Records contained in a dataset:

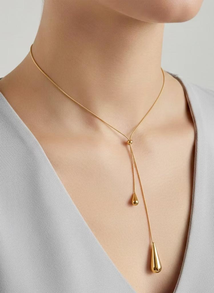 Hálsmen með lengri keðju og tveimur dropum á endanum
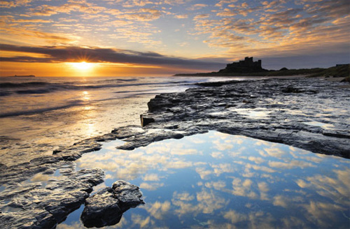 Bình minh trên bờ biển gần Lâu đài Bamburgh Castle, nước Anh
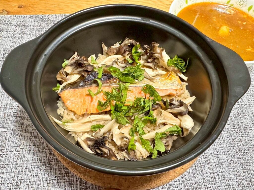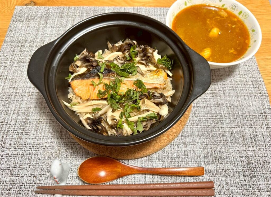 【お家ごはん】余りカレーのスープと秋鮭ときのこの炊き込み土鍋ごはん
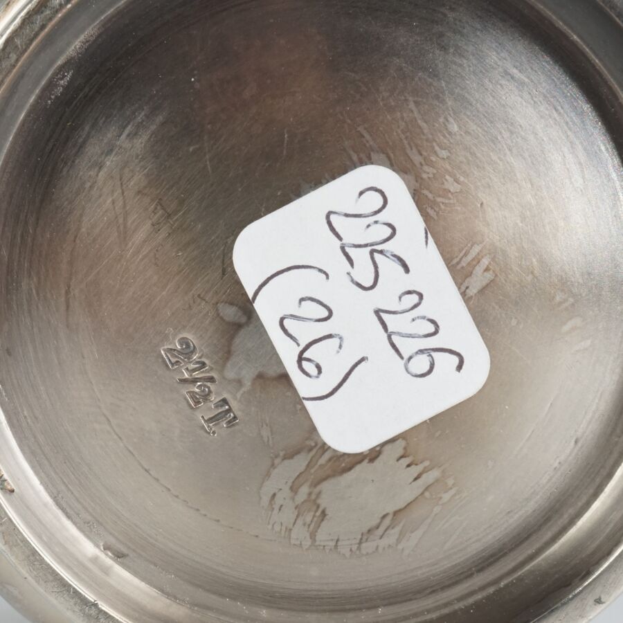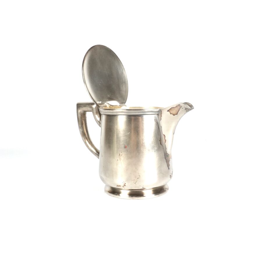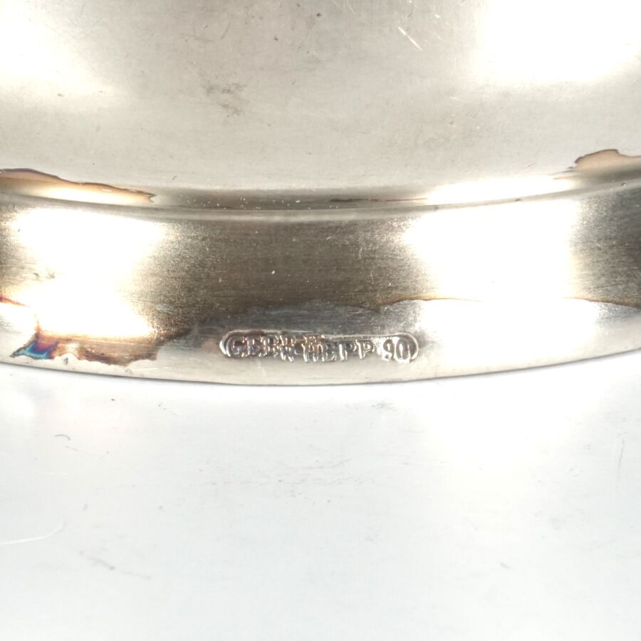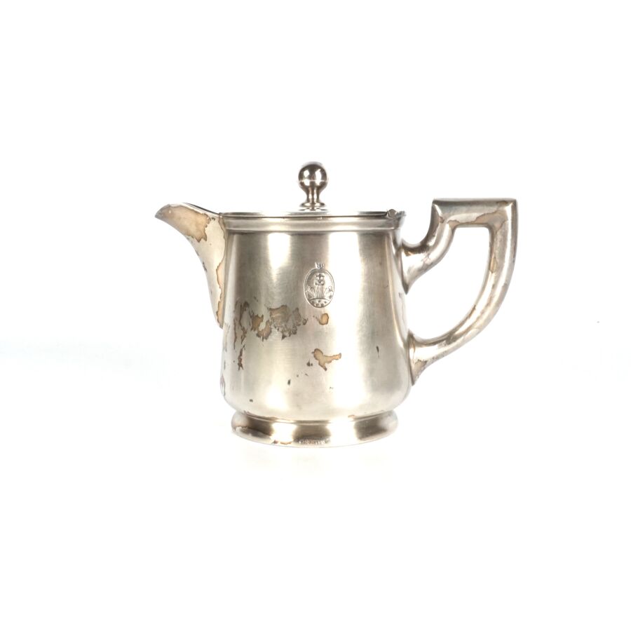 ALLEMAGNE - 1933-1945 - HOTEL PLATTERHOF - BERCHTESGADEN OBERSALZBERG - THEIERE EGOISTE, en métal argenté, sigle de l'hôtel (jeune bavaroise en costume devant des montagnes dans un médaillon ovale), marquée du nom du fabricant " GEBR. HEPP 90 ", hauteur : 8 cm, ETAT D'USAGE.
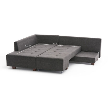 Γωνιακός καναπές – κρεβάτι Manama Megapap αριστερή γωνία υφασμάτινος χρώμα ανθρακί 280x206x85εκ.
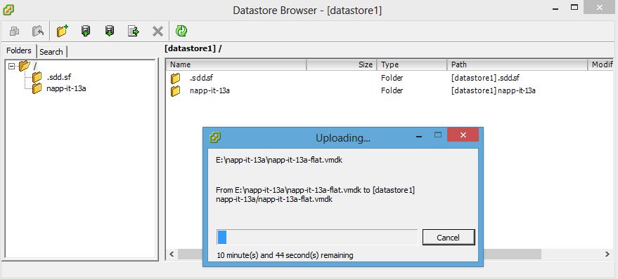 I have been trying this process (for two or three days now, can’t remember) and have continued to suffer disconnection of the datastore right before the completion of the transfer of all requisite files. I have tried uploading as a folder and as individual files of which all the small ones would go easily only for the actual .vmdk file to fail to complete.
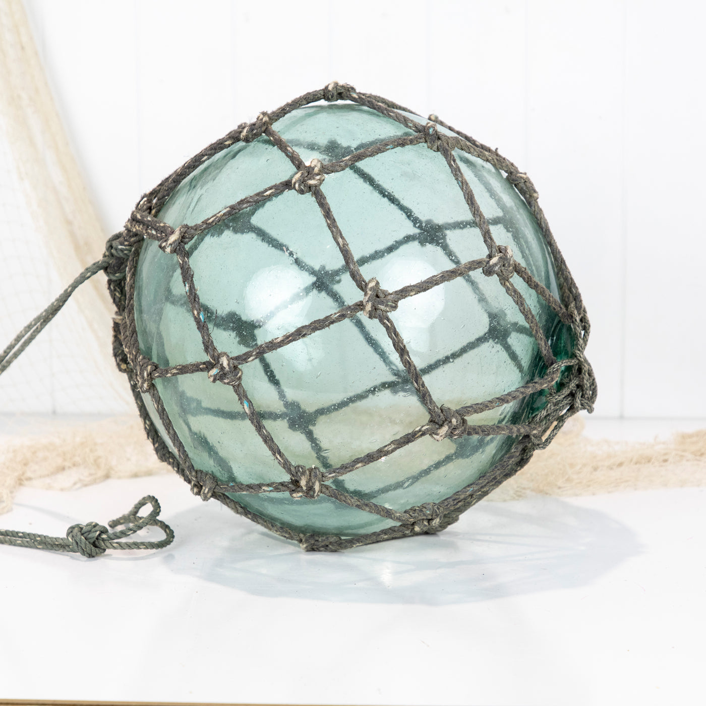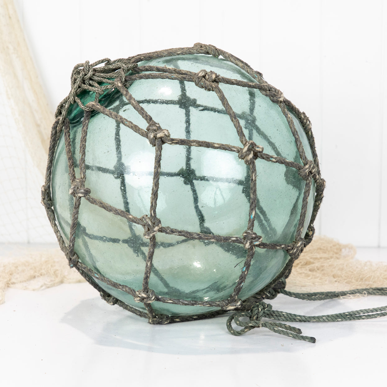 This beautiful old 14" Japanese longline glass float is a stunning colour with grey netting.
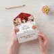 Imagine your guests' delight when they receive this stunning invitation, setting the tone for a cosy, joyful celebration. The rich red poinsettias symbolise love and festivity, while the green pine elements bring a touch of natural beauty. This combination creates a welcoming, heartwarming atmosphere that reflects the joy of your union.
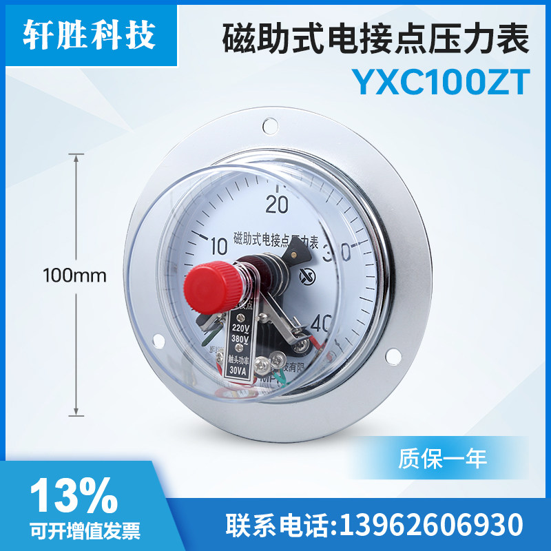 YXC-100ZT 40MPa 磁助式轴向带边电接点压力表 上下限控制压力表
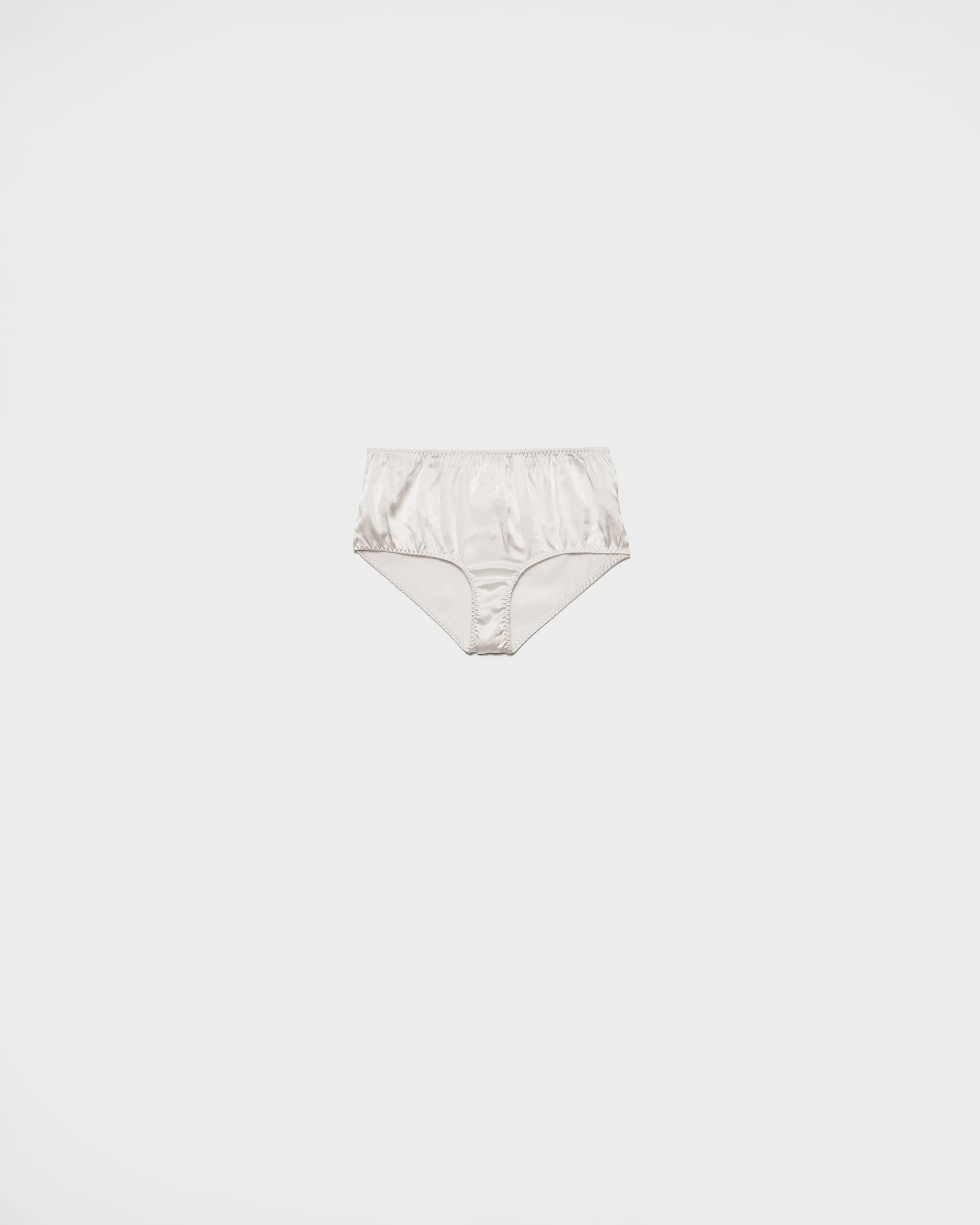 These satin briefs with vintage allure are completed with the iconic enameled metal triangle logo. - Product code: SP6616_17MZ_F0082_S_OOO - Briefs fit - Enameled metal triangle logo - Imported - The model is 176 cm tall and wears a size 38 MATERIALS Main material: 100% silk
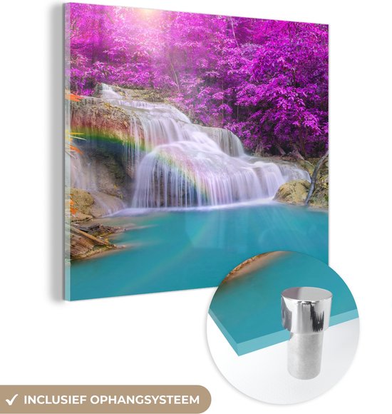 MuchoWow® Peinture sur verre 20x20 cm - Peinture sur verre acrylique - Cascade - Arbres - Arc-en-ciel - Violet - Photo sur verre - Peintures
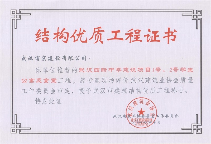 結(jié)構(gòu)優(yōu)質(zhì)工程證書(武漢四新中學綜合1號、2號學生公寓及食堂樓)
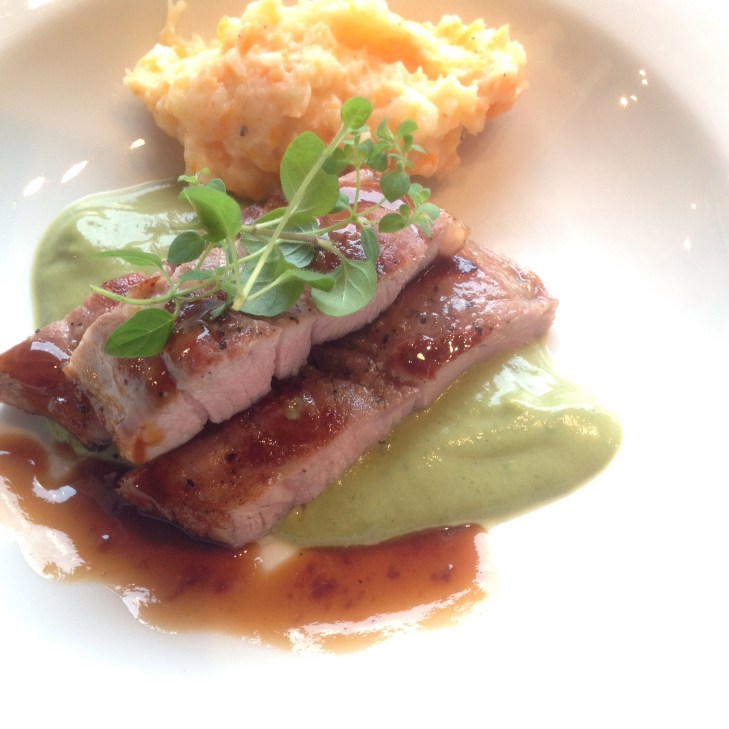 Nakkekoteletter har aldri svømt i sviddå og de fikk muligheten til en real treningsøkt i bassenget. Jeg ville skape en enkel, men spennende hverdagsrett. Kotelettene fikk følge av en squashpuré, rester av en rødvinsreduksjon som saus og en en stappe av rotgrønnsakene gulrot, pastinakk og persillerot sammen med noen pottiser.

What you need to do:
Every entry above needs to be copied exactly, apart from its pictures.

Solution to the exercise:
 Hálsmen með lengri keðju og tveimur dropum á endanum
 Bình minh trên bờ biển gần Lâu đài Bamburgh Castle, nước Anh
 【お家ごはん】余りカレーのスープと秋鮭ときのこの炊き込み土鍋ごはん
 ALLEMAGNE - 1933-1945 - HOTEL PLATTERHOF - BERCHTESGADEN OBERSALZBERG - THEIERE EGOISTE, en métal argenté, sigle de l'hôtel (jeune bavaroise en costume devant des montagnes dans un médaillon ovale), marquée du nom du fabricant " GEBR. HEPP 90 ", hauteur : 8 cm, ETAT D'USAGE.
 Γωνιακός καναπές – κρεβάτι Manama Megapap αριστερή γωνία υφασμάτινος χρώμα ανθρακί 280x206x85εκ.
 I have been trying this process (for two or three days now, can’t remember) and have continued to suffer disconnection of the datastore right before the completion of the transfer of all requisite files. I have tried uploading as a folder and as individual files of which all the small ones would go easily only for the actual .vmdk file to fail to complete.
 This beautiful old 14" Japanese longline glass float is a stunning colour with grey netting.
 Imagine your guests' delight when they receive this stunning invitation, setting the tone for a cosy, joyful celebration. The rich red poinsettias symbolise love and festivity, while the green pine elements bring a touch of natural beauty. This combination creates a welcoming, heartwarming atmosphere that reflects the joy of your union.
 YXC-100ZT 40MPa 磁助式轴向带边电接点压力表 上下限控制压力表
 These satin briefs with vintage allure are completed with the iconic enameled metal triangle logo. - Product code: SP6616_17MZ_F0082_S_OOO - Briefs fit - Enameled metal triangle logo - Imported - The model is 176 cm tall and wears a size 38 MATERIALS Main material: 100% silk
 MuchoWow® Peinture sur verre 20x20 cm - Peinture sur verre acrylique - Cascade - Arbres - Arc-en-ciel - Violet - Photo sur verre - Peintures
 結(jié)構(gòu)優(yōu)質(zhì)工程證書(武漢四新中學綜合1號、2號學生公寓及食堂樓)
 Nakkekoteletter har aldri svømt i sviddå og de fikk muligheten til en real treningsøkt i bassenget. Jeg ville skape en enkel, men spennende hverdagsrett. Kotelettene fikk følge av en squashpuré, rester av en rødvinsreduksjon som saus og en en stappe av rotgrønnsakene gulrot, pastinakk og persillerot sammen med noen pottiser.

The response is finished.